━━ Records provided
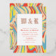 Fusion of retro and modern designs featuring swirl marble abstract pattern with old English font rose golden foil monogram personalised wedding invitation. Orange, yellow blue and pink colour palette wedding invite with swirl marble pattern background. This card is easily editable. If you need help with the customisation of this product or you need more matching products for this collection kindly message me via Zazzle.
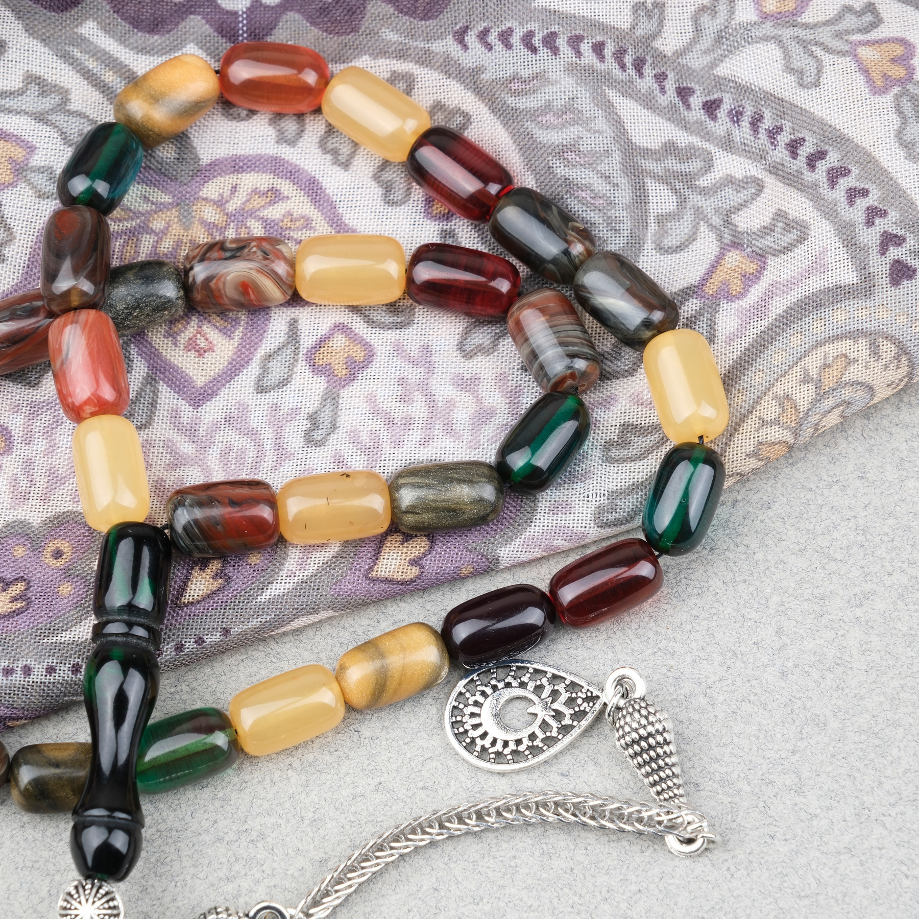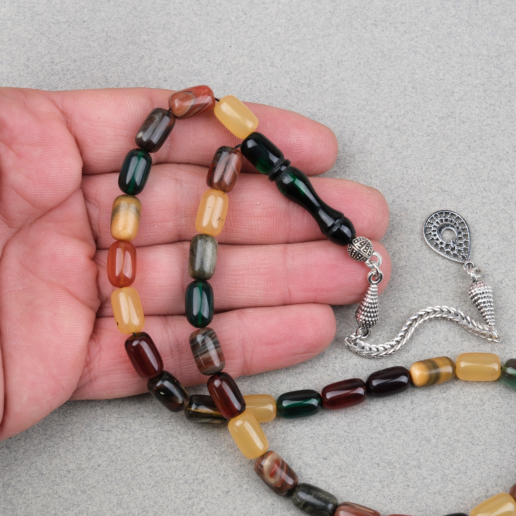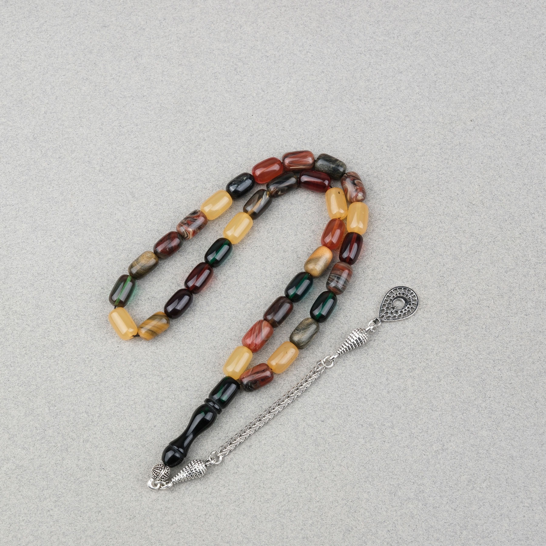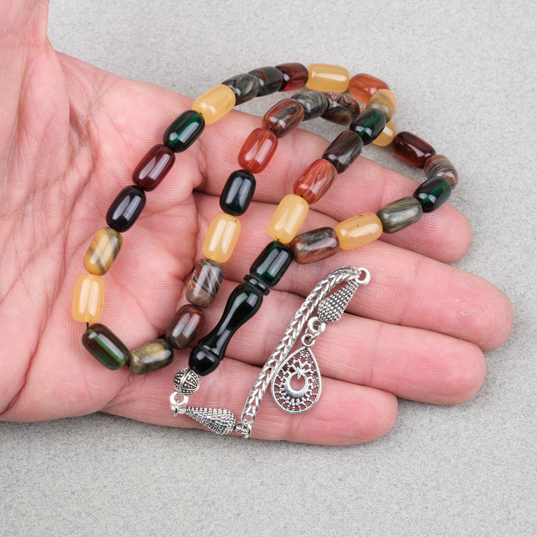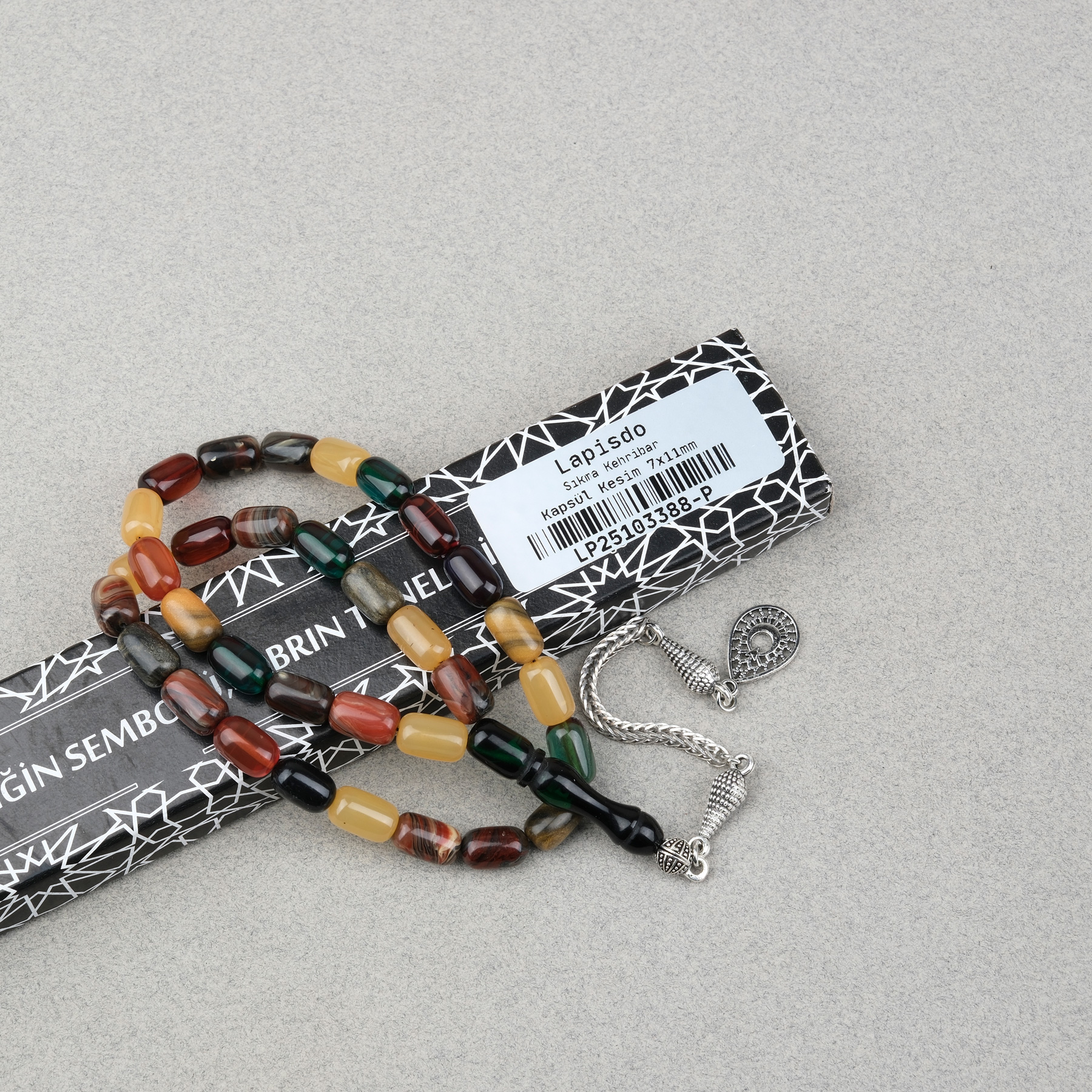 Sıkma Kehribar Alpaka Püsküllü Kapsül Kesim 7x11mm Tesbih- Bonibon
━━━━
━━ Records provided
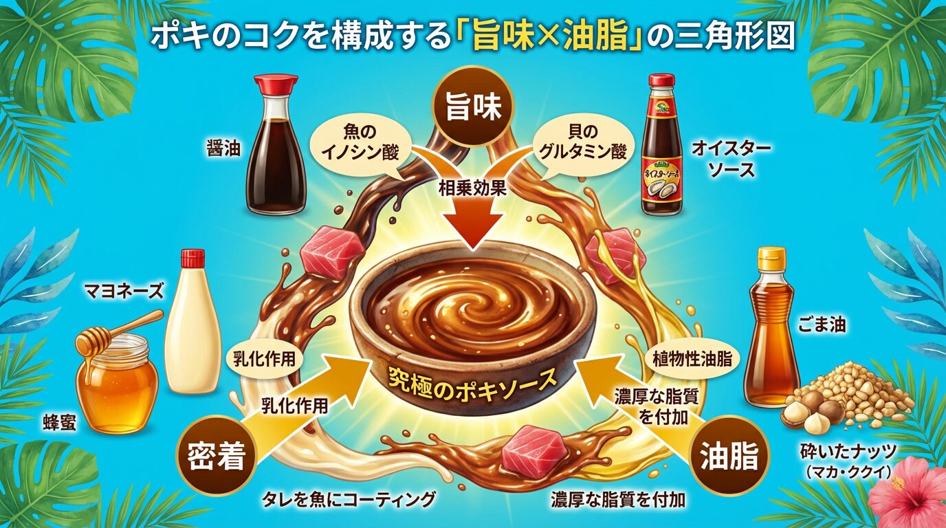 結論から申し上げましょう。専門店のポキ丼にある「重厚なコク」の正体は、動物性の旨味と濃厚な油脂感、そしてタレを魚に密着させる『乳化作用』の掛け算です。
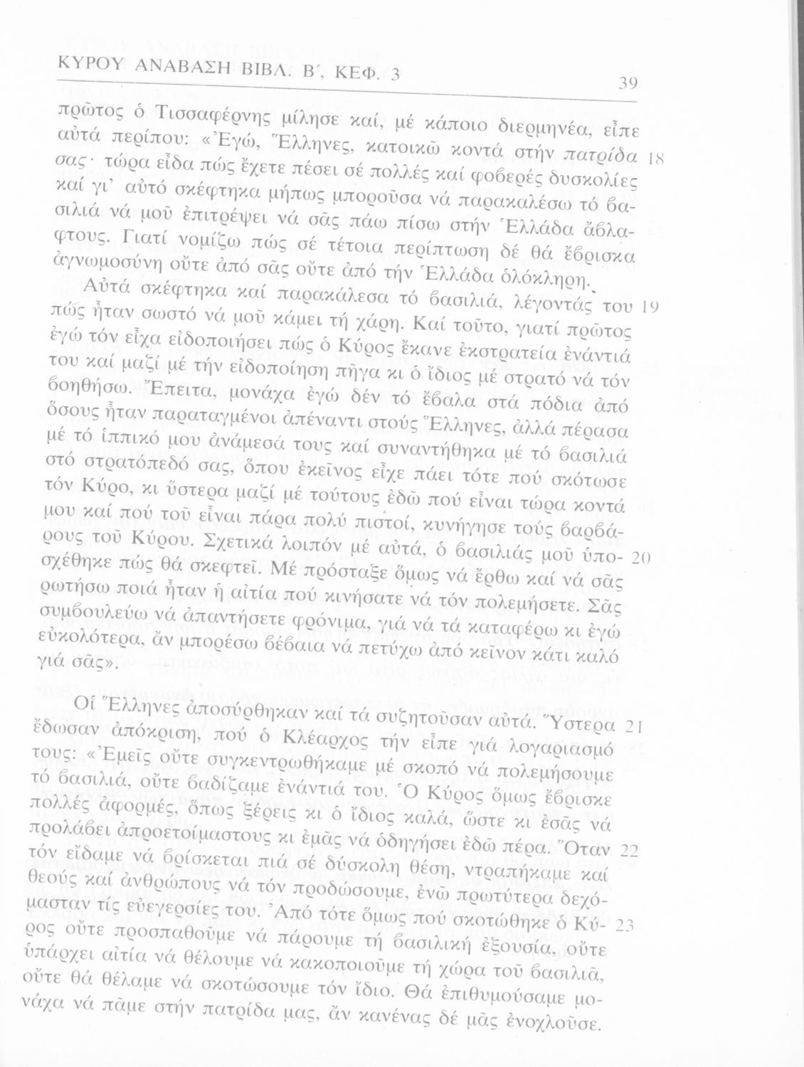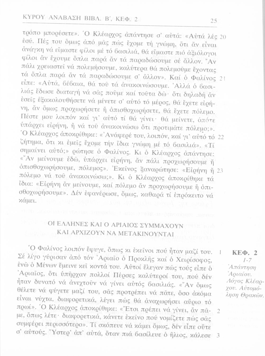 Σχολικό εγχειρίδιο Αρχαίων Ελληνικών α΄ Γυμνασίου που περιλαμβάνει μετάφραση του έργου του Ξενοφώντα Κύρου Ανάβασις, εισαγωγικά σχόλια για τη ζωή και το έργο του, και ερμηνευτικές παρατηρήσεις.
━━━━
━━ Records provided
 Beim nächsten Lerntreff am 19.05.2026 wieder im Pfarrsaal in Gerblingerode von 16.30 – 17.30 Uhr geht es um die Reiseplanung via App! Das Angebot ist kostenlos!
━━━━
What the task asks: Go back to the listing above and reproduce, exactly, the stretch from the line bearing "Fusion of retro" through the line bearing "Sıkma Kehribar Alpaka", without its pictures.

Solution to this problem:
 Fusion of retro and modern designs featuring swirl marble abstract pattern with old English font rose golden foil monogram personalised wedding invitation. Orange, yellow blue and pink colour palette wedding invite with swirl marble pattern background. This card is easily editable. If you need help with the customisation of this product or you need more matching products for this collection kindly message me via Zazzle.
 Sıkma Kehribar Alpaka Püsküllü Kapsül Kesim 7x11mm Tesbih- Bonibon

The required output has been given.